I know I am not alone among Australian Catholics in finding it near impossible to reconcile these despicable statistics with the church’s claim to be a special mediator of God’s grace and a place that I should attend in order to understand more deeply God’s love.

I know because my fellow Catholics talk to me about these issues. I know because I can look around Catholic parishes and see the declining attendance.

Even enrolments in Catholic schools are falling in Australia. Catholic education officials say they can’t build facilities fast enough to meet demand, so parents are choosing other government schools. It’s an odd logic that argues numbers are falling below capacity because demand is too high.

There may be other reasons enrolments are falling. For example, some 10 years ago I moved my kids from Catholic school to public school because the public school’s test results were just as good (in some cases, better) and the public school was closer to home offering a more flexible after-school program. But it would be foolish to dismiss the evidence coming out of the royal commission as a factor in parents’ enrolment decisions today.

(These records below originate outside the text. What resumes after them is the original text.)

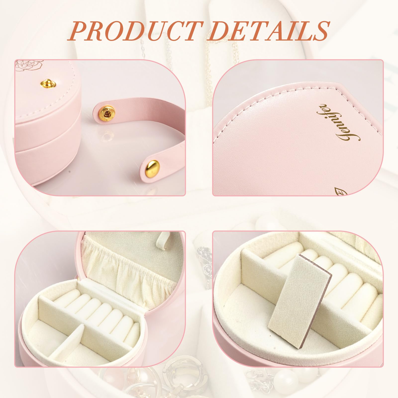 - 🧳MULTIFUNCTIONAL STORAGE🧳Personalized jewelry box you will find necklace hooks to hang your necklaces perfectly, elastic pockets for multiple uses and ring holders to organize your rings. Don't forget that the dividers are removable so they can be adjusted to your needs and favorite style. No more looking around for your jewelry or worrying about losing items when you travel!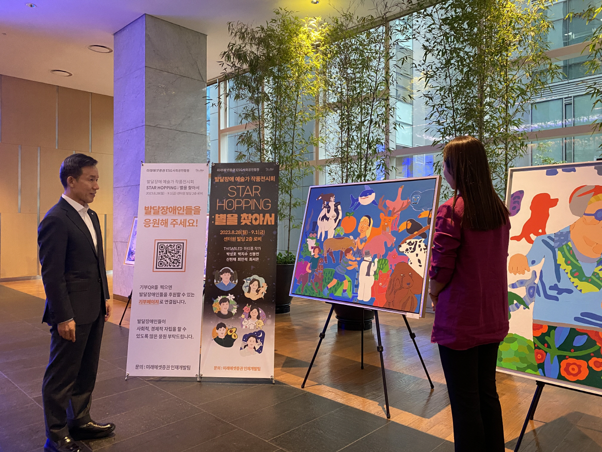 미래에셋증권은 오는 9월 1일까지 미래에셋 센터원 빌딩 2층 로비에서 '발달장애 예술가 작품 전시회'를 진행한다.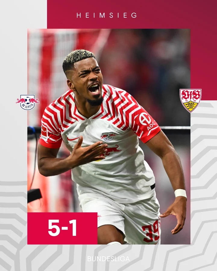 德甲-西蒙斯2传1射,莱比锡5-1逆转斯图加特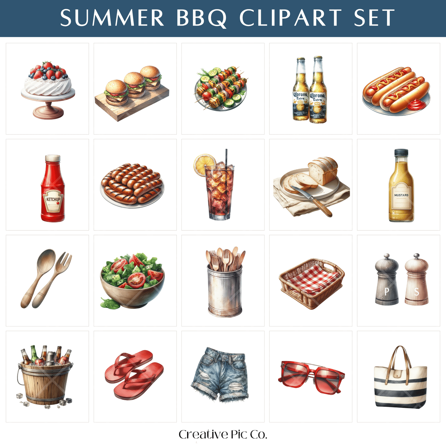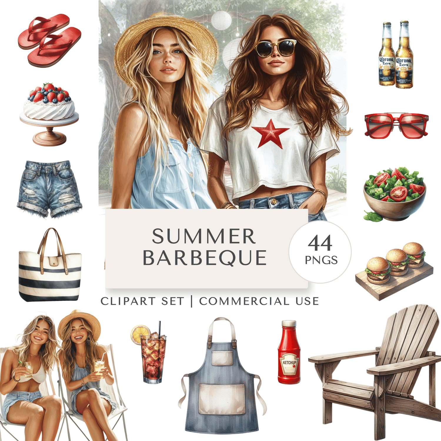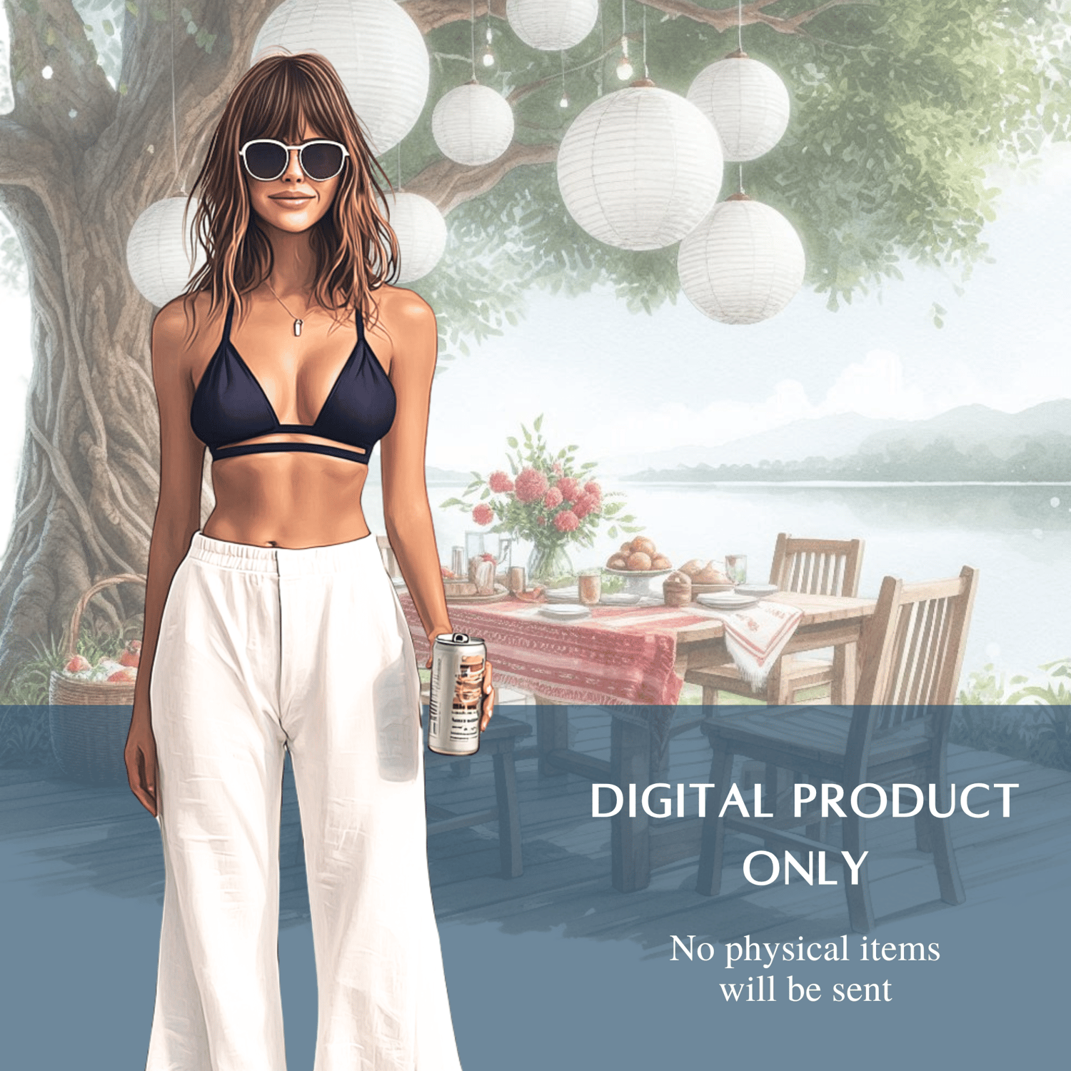 Celebrate the heat with this laid-back, lakeside-inspired Summer BBQ clipart set filled with food, fashion, drinks, and chill backyard vibes.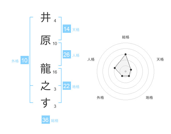 井原 龍之すさんを姓名の画数から五運を鑑定
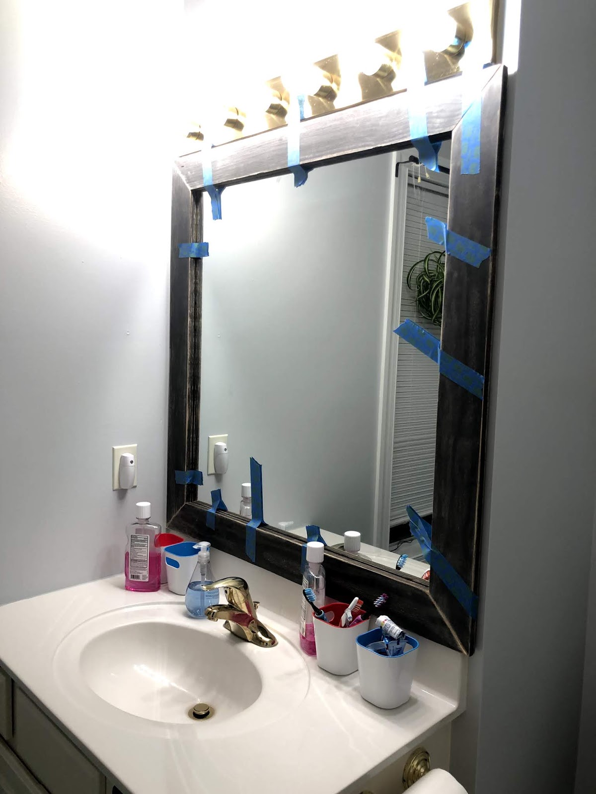 The next board I did was always the wall, then the opposite side and then the top. You can wiggle them around a bit until they fit nicely. Hold them up with the painters tape and allow to dry overnight. Remove tape and feel super accomplished because your mirrors are now cute and NOT standard!
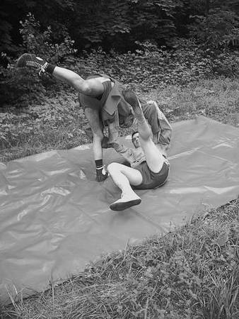 По команде «Делай три» начните проводить бросок, чуть вывернув вовнутрь ногу, которой обвили ногу партнера. Падая с прогибом назад, выворачивайте ее наружу, как в упражнении 29 гл. II (заведение за себя согнутой в колене ноги); подняв на ней партнера и развернув в воздухе по часовой стрелке, бросьте на лопатки. При этом постарайтесь, описав в падении дугу, оказаться на животе, накрыв партнера.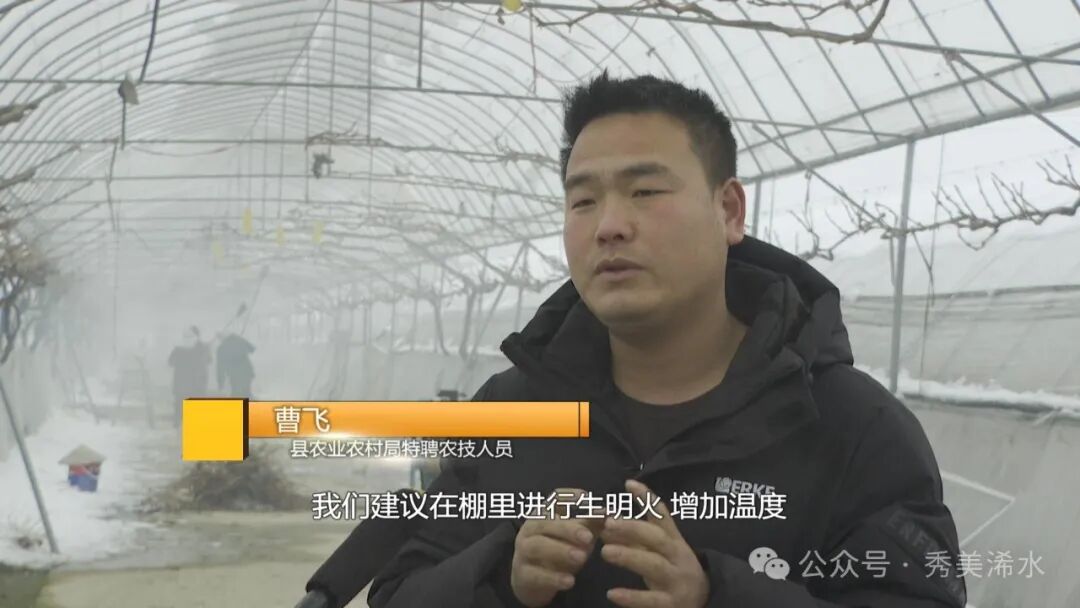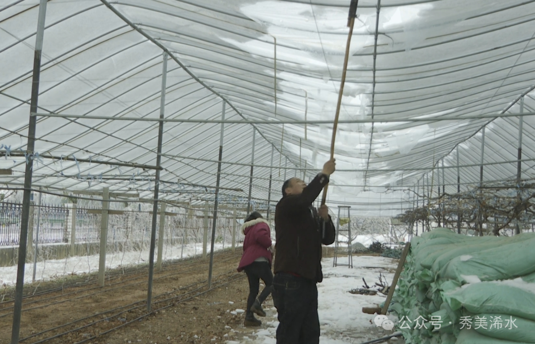 县农业农村局特聘农技人员 曹飞:如果我们的棚四周都围起来了、都包裹得挺严实、有保温措施,我们建议在棚里进行生明火,增加温度,让棚顶的雪融化掉,有些棚四周没有包起来,没有保温措施,我们只用通过人工除雪的措施,把冰捅下来。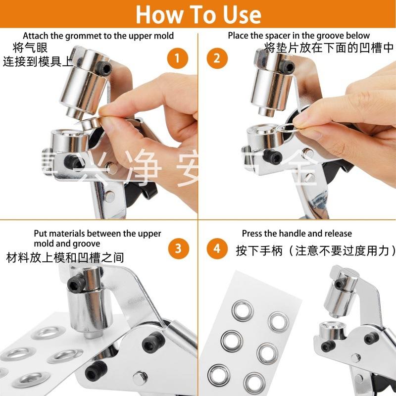 Ojales Plateados*200 Juegos Ojales de 10mm+Troquel Negro+(Alicates Gris-Naranja En Bolsa)Caja de Avión 780 Gramos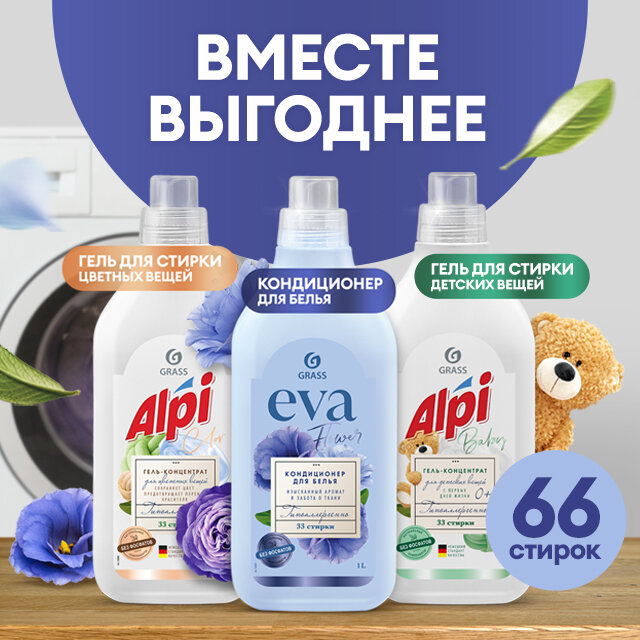 Купить Гель-концентрат для стирки Grass ALPI Color 1л.+Grass ALPI Baby 1л.+кондиционер для белья EVA Flower коцентрат 1л.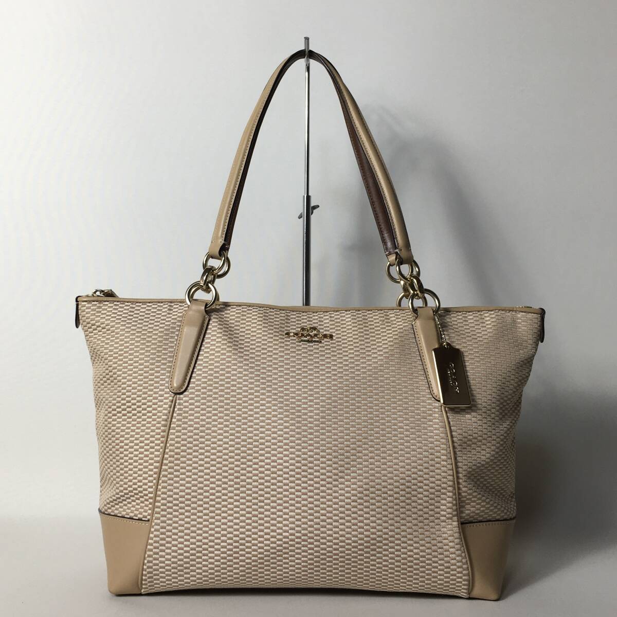 - 76B226|美品|コーチ トートバッグ キャンバス レザー ベージュ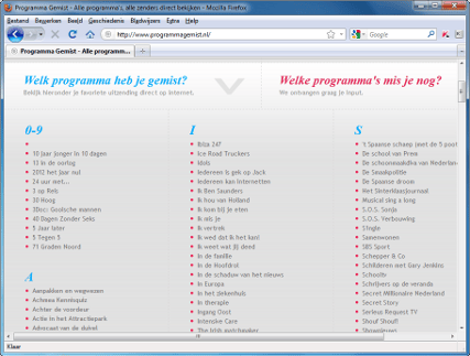 De lijst met beschikbare televisieprogramma's op www.uitzendinggemist.nl is erg lang!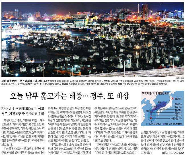 동아일보는 "제18호 태풍 '차바'가 5일 새벽 제주도를 관통해 부산 앞바다까지 이동할 것으로 예보돼 비, 강풍 피해가 우려된다"고 전했다.

For what it is worth, I later moved my kids back to the Catholic education system when they reached high school. I wanted them to be grounded in Catholic principles of social justice and to know what it is to live Christian faith within a community of believers. For many Catholic families, Catholic school for their children is their one tangible link left to the Catholic faith.

There is a lot of chatter among practicing Catholics in Australia about what to do about the evidence given at the royal commission. Francis Sullivan, chief executive of the Catholic church’s Truth, Justice and Healing Council, gave a talk recently:

There is now a deep malaise compounded by a simmering anger within the community about the Church and child sexual abuse ... The very fact that the church was on trial rips at the heart of what the church is meant to be. And that speaks to me of a profound loss of direction, integrity, purpose and meaning at the heart of the church. A spiritual wasteland. It is my sense that so many Catholics share that shock. People say the Church now needs to get its house back in order but I say we have to re-build the house.

Sullivan’s address is excellent. It deserves a wide reading. He made five recommendations to how to rebuild the church. Each recommendation is good on its merits, but the reality is that these actions cannot be brought about by the people in the pews. As long as the church in its organisational structure excludes women, parents, married people, and men like Francis Sullivan from true leadership and decision-making, nothing is likely to change.

So here are my additions, or augmentations, to Sullivan’s recommendations. Stop giving assent to a flawed structure. Stop giving voluntary support to prop up a failing organisation. Stop giving money – or if you want to give money or your time, direct it to a specific Catholic charity or effort you want to support rather than the local parish.

It pains me to say these things. I mourn the loss of being part of a parish community in which I can celebrate my faith and receive the sacraments. And I know there are good priests in the church, men who feel dismayed and betrayed too. But even more so I grieve for the thousands of children in Australia who have been irreparably harmed, whose lives have been destroyed and whose faith and trust has been so comprehensively violated. I can’t, in good conscience, continue to prop up a church that has been so exposed in its systemic wrong-doing, and yet is still doing so little to make reparations.

So this Holy Week I will look forward to Easter and the redemption it brings. And I will pray that redemption comes, and soon, to the Holy Roman Catholic Church.